Work to be completed: Starting at the line holding "After thinking about" and finishing at the line holding "정보를 찾는 방법을 만들기", transcribe the material exactly, keeping both ends but no pictures.

"""

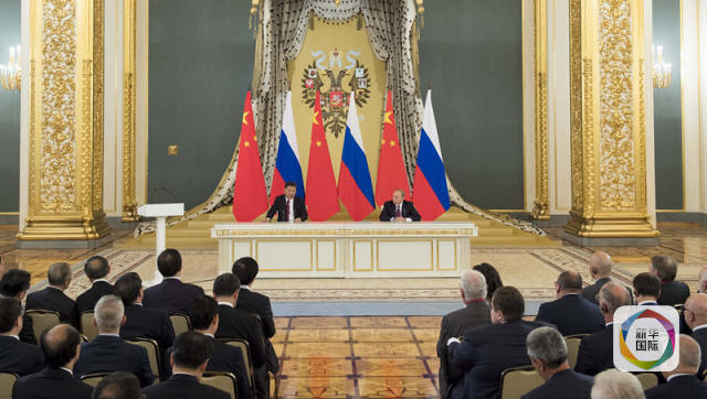 7月4日,國家主席習近平在莫斯科克里姆林宮同俄羅斯總統(tǒng)普京舉行會談。會談后,兩國元首簽署了《中華人民共和國和俄羅斯聯(lián)邦關(guān)于進一步深化全面戰(zhàn)略協(xié)作伙伴關(guān)系的聯(lián)合聲明》《中華人民共和國和俄羅斯聯(lián)邦關(guān)于當前世界形勢和重大國際問題的聯(lián)合聲明》,批準了《〈中華人民共和國和俄羅斯聯(lián)邦睦鄰友好合作條約〉實施綱要(2017年至2020年)》并見證了《中華人民共和國外交部和俄羅斯聯(lián)邦外交部關(guān)于朝鮮半島問題的聯(lián)合聲明》以及經(jīng)貿(mào)、農(nóng)業(yè)、能源、基礎(chǔ)設(shè)施建設(shè)、金融、文化、創(chuàng)新、媒體、信息網(wǎng)絡(luò)、檢驗檢疫等領(lǐng)域多項雙邊合作文件的交換。(新華社記者饒愛民攝)
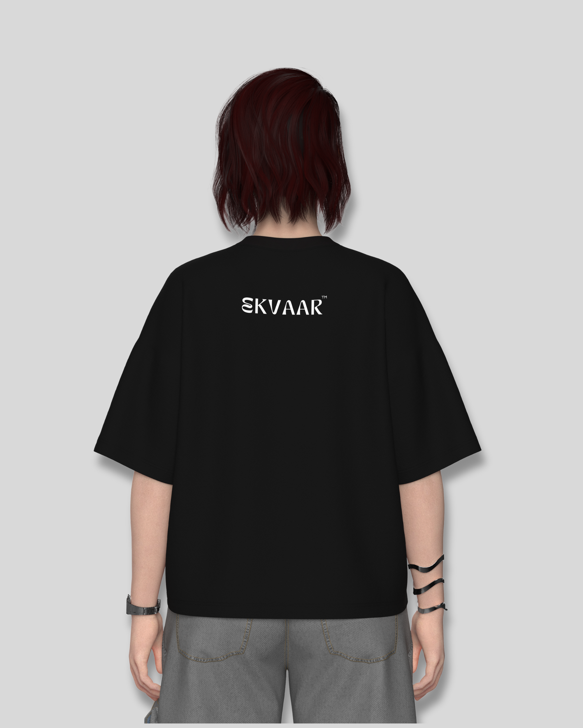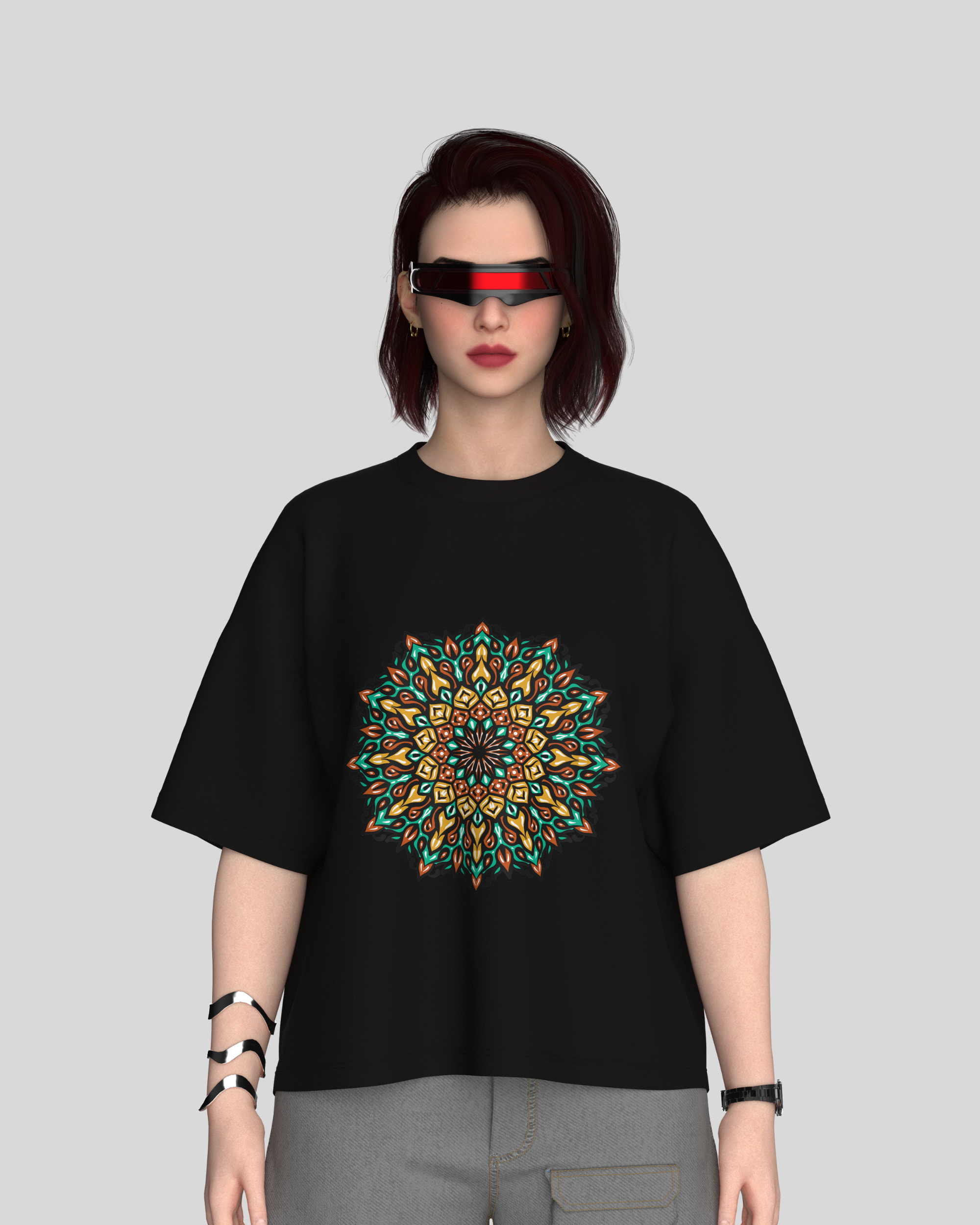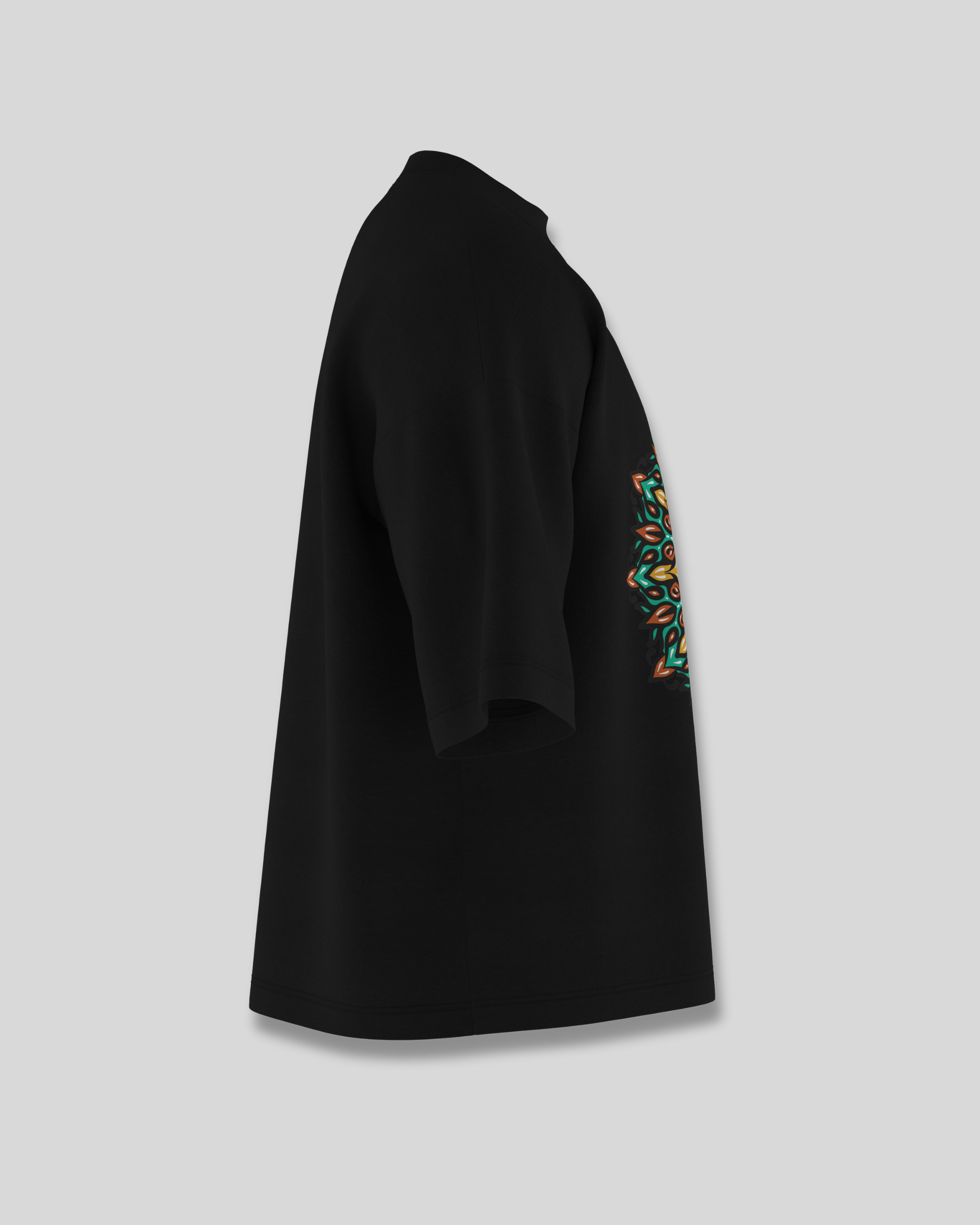A kaleidoscopic statement for the mindful and the bold. This oversized tee features an exclusive EKVAAR mandala graphic — a fusion of fire, leaf, and eye motifs radiating in vibrant orange, teal, and amber hues. The back carries the EKVAAR mark in clean white — understated but unmistakable. Designed for those who walk the streets with presence and purpose.
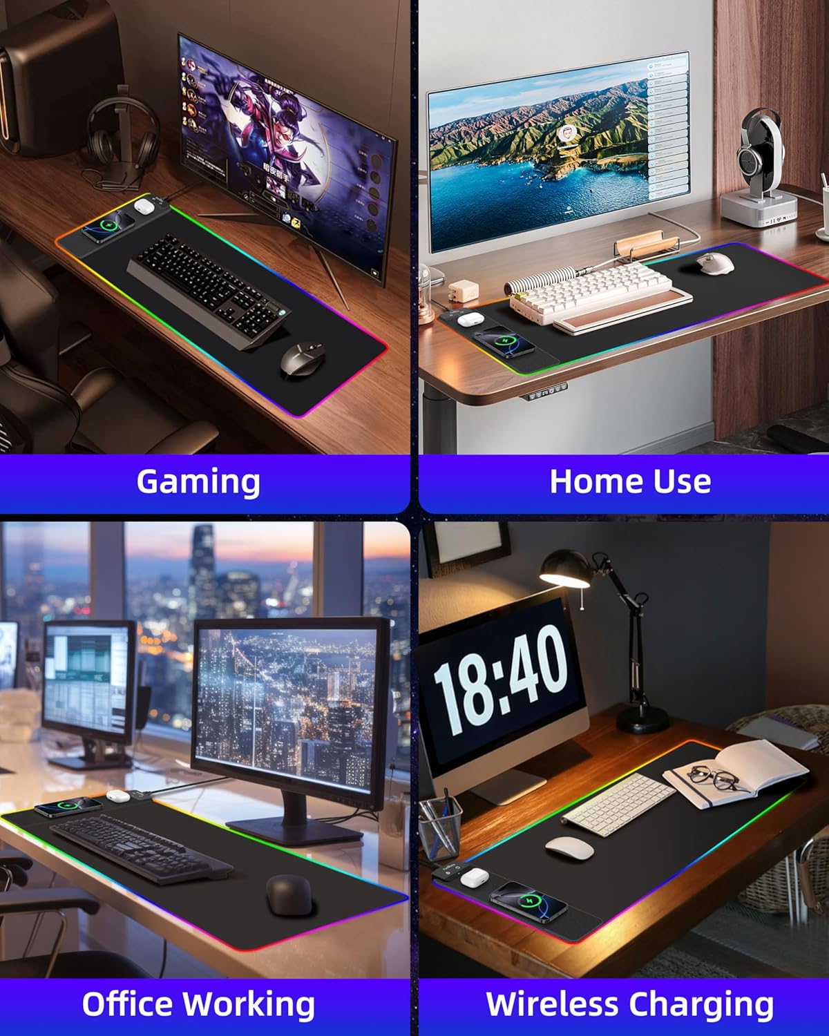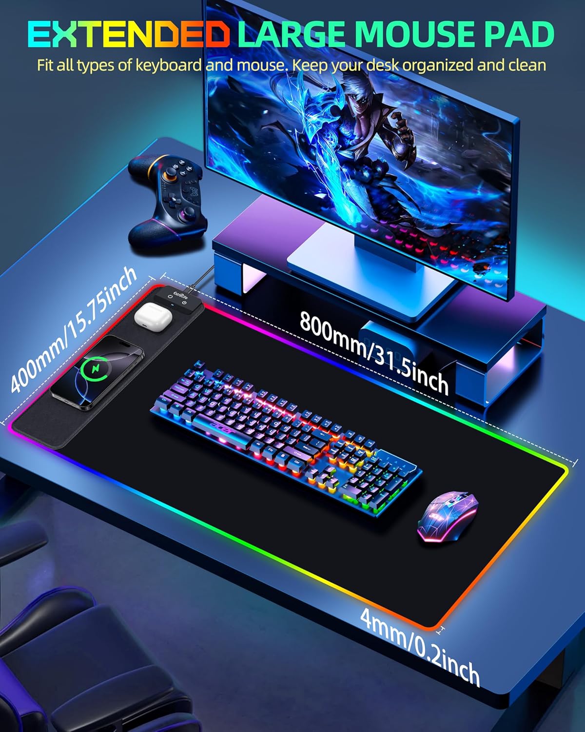 Wireless Charging Mouse Pad, RGB Gaming Mousepad, 31.5″x15.7″ Extra Large Desk Pad, 13 Light Modes, Ultra-Smooth Surface, Non-Slip Base, Waterproof Computer Keyboard Mat for MacBook, PC, Laptop, Black
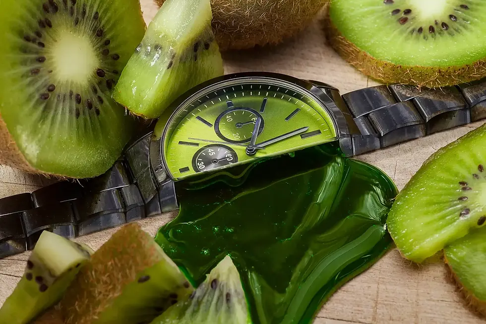 After thinking about the elements of this product that I'd want to exaggerate or call attention to I decided to create a series or campaign advertising multiple color options of the watch face. I wanted to really stress the point of how "juicy" these colors were. Which color fits your tastes? What "flavor" would you choose? These thoughts brought about the idea of comparing the color of the watch to foods that seem juicy. So if I am advertising a really pretty juicy blue watch, and I'm comparing it to say a blueberry, then how can I creatively show this idea in a visual way? Cut it open and let that color ooze out! A bit of a throwback to the many Gushers I snacked on as a 90's kid. But I certainly didn't have the means to make a clean, straight cut through this watch.
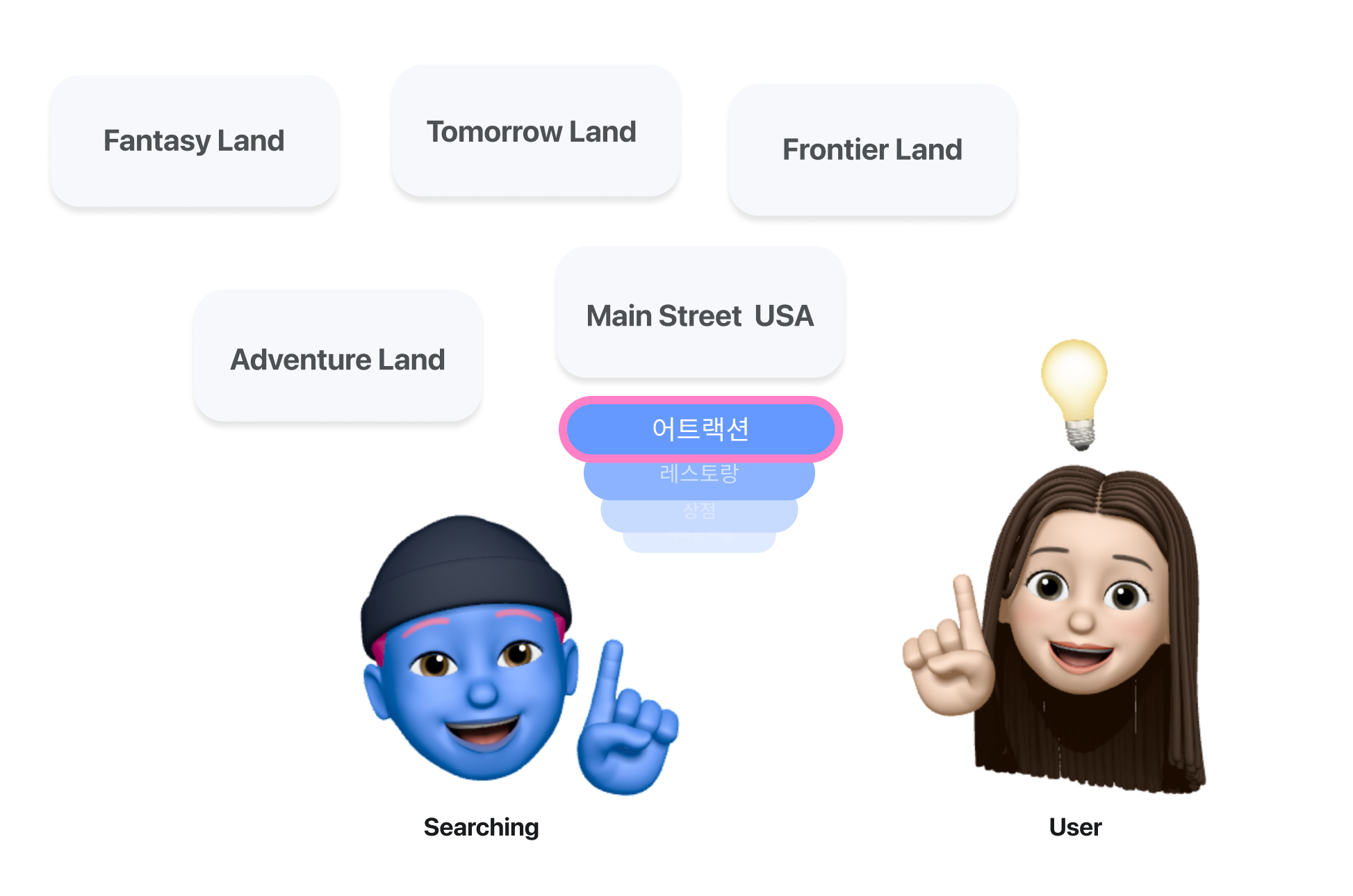 정보를 찾는 방법을 만들기 위해서는 검색 범위를 설정해야 합니다. 랜드 단위까지, 랜드 아래 어트랙션, 레스토랑 등의 레벨까지 혹은 하나의 개별 놀이기구까지 검색이 가능하게 할 건지 결정합니다. Seraching System은 단순히 키워드를 입력해서 정보를 찾게하는 것 이외에 필터나 정보에 빠르게 도달할 수 있게 만드는 다양한 기능들을 함께 생각해볼 수 있습니다.
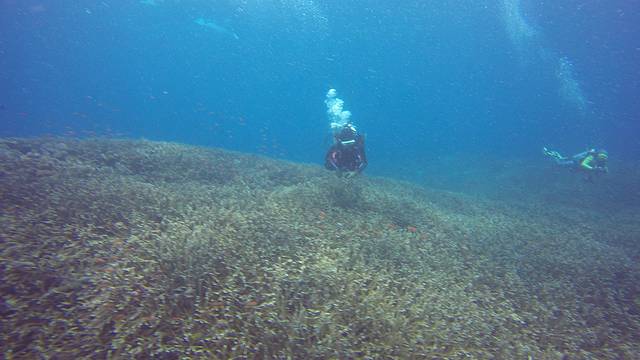 这次来蓝梦岛潜水虽然没有遇见翻车鱼,但却遇到了大流,在水晶湾潜水的时候流超级大,我们一下潜就全体扒着海底的石头久久无法前进,流实在太大了,当是我连扣着石头的手指都开始疼了。在我前面的一个哥们儿企图抱着一个大石头固定住自己,结果连人带石头直接被吹起来了,这一幕也是没谁了!后来扒了将近十分钟,潜到看流稍微小了一点,就示意我们继续前进,前进没多久遇到一股比较强烈的上升流,大家开始慌乱地扣住石壁固定自己,结果jk一下没抓住东西,直接被吹了上去,事情发生得太快潜导也来不及去拉扯他,好再这上升流后劲不足,jk卸掉了所有的气阀,全力往下游,最好终于回到了组织的怀抱。后来潜说当是看到jk一下子被吹上去也有点慌,但看他还能顶住流往下游久稍微安心了一点,然后就在心里呐喊:加油!加油!。。。。。。

"""

Solution for this problem:
 After thinking about the elements of this product that I'd want to exaggerate or call attention to I decided to create a series or campaign advertising multiple color options of the watch face. I wanted to really stress the point of how "juicy" these colors were. Which color fits your tastes? What "flavor" would you choose? These thoughts brought about the idea of comparing the color of the watch to foods that seem juicy. So if I am advertising a really pretty juicy blue watch, and I'm comparing it to say a blueberry, then how can I creatively show this idea in a visual way? Cut it open and let that color ooze out! A bit of a throwback to the many Gushers I snacked on as a 90's kid. But I certainly didn't have the means to make a clean, straight cut through this watch.
 정보를 찾는 방법을 만들기 위해서는 검색 범위를 설정해야 합니다. 랜드 단위까지, 랜드 아래 어트랙션, 레스토랑 등의 레벨까지 혹은 하나의 개별 놀이기구까지 검색이 가능하게 할 건지 결정합니다. Seraching System은 단순히 키워드를 입력해서 정보를 찾게하는 것 이외에 필터나 정보에 빠르게 도달할 수 있게 만드는 다양한 기능들을 함께 생각해볼 수 있습니다.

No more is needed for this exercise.